GNOME Bugzilla – Bug 691370
caps intersection is broken for channel-layout / bitmasks
Last modified: 2015-03-01 14:34:20 UTC
Channel layout currently uses bitmask, but this breaks caps intersection. Example: caps1 = [ { channels: 4, layout: FL, FR, RL, RR }, { channels: 4, layout: FL, FR, SL, SR } ] caps2 = { channels: 4, layout: FL, FR, SL, SR } I assume, that after gst_caps_intersect I should get intersection = { channels: 4, layout: FL, FR, SL, SR } // same as second struct of caps1 This is not the case though, what I really get is [ { channels: 4, layout: FL, FR }, { channels: 4, layout: FL, FR } ] This probably happens because GST_BITMASK intersection is done using bitwise and.

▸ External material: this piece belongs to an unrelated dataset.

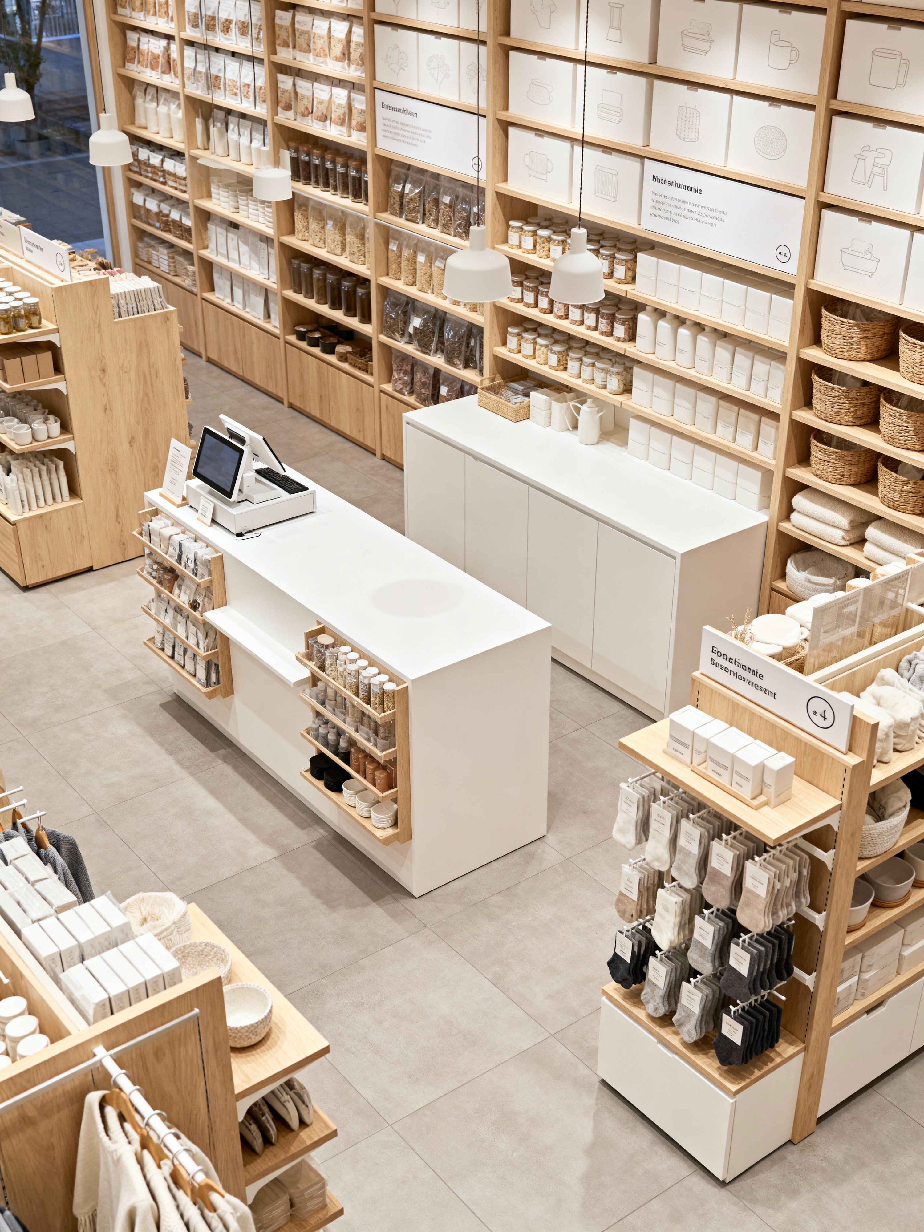store with scandinavian style with shelving units and signage and labels and cash register or point of sale system and display racks and store fixtures and fittings and shelving units. . with natural light and neutral palette and light wood and hygge and minimalist design and functional furniture and white decor and cozy atmosphere

Any chance you could make a unit test?
Created attachment 233069 [details] [review] Unit test Here you go
Sebastian, any idea what to do with this? (Why should it not be treated like a normal int? Is there a reason we didn't make it a uint64 instead?)
<slomo> __tim: no idea what to do about the bitmask bug, still had no time to look at it closely... but it's not a normal int because we need different intersection/subset (0x01 is a subset of 0xff but for integers it isn't)
Yeah, except this subset is exactly what doesn't work for channel layout (see the description). If you intersect { channels: 4, layout: FL FR RL RR } with { channels: 4, layout: FL FR SR SR } and get { channels: 4, layout: FL FR } as result it is clearly wrong. It shouldn't intersect in this case.
Which means some bitmask are set, and some (like layout) are not, what about having bitset and bitmask types ? (impossible without API break imho).
GST_TYPE_BITMASK and GST_TYPE_BITSET? If you change the way GST_TYPE_BITMASK intersects (so that audio layout works) and introduce GST_TYPE_BITSET (that intersects just like bitmask currently does) there wouldn't have to be API breaks.
(In reply to comment #5) > Yeah, except this subset is exactly what doesn't work for channel layout (see > the description). > > If you intersect > { channels: 4, layout: FL FR RL RR } > with > { channels: 4, layout: FL FR SR SR } > and get > { channels: 4, layout: FL FR } > as result it is clearly wrong. It shouldn't intersect in this case. The intersection is correct... but elements are supposed to reject this because channels=4 and length(layout)=2 is invalid. This is similar to what we had in 0.10 with the channels field and the channel-layout array: the caps where only valid if the channel-layout had as many elements as channels. Or am I misunderstanding the problem here?
So who's responsibility is it to check and skip the invalid structure during intersect? Because gstaudioconvert takes the first structure after intersection and doesn't skip it if channel count doesn't match channel layout and prints the following warning WARNING **: audioconvert1: Invalid downstream channel-mask with too few bits set 01:27:53 WARN gst.audioconvert gstaudioconvert.c:632 - - - - - unexpected output channel layout Should every code that calls gst_caps_intersect go through the result and filter out invalid structures?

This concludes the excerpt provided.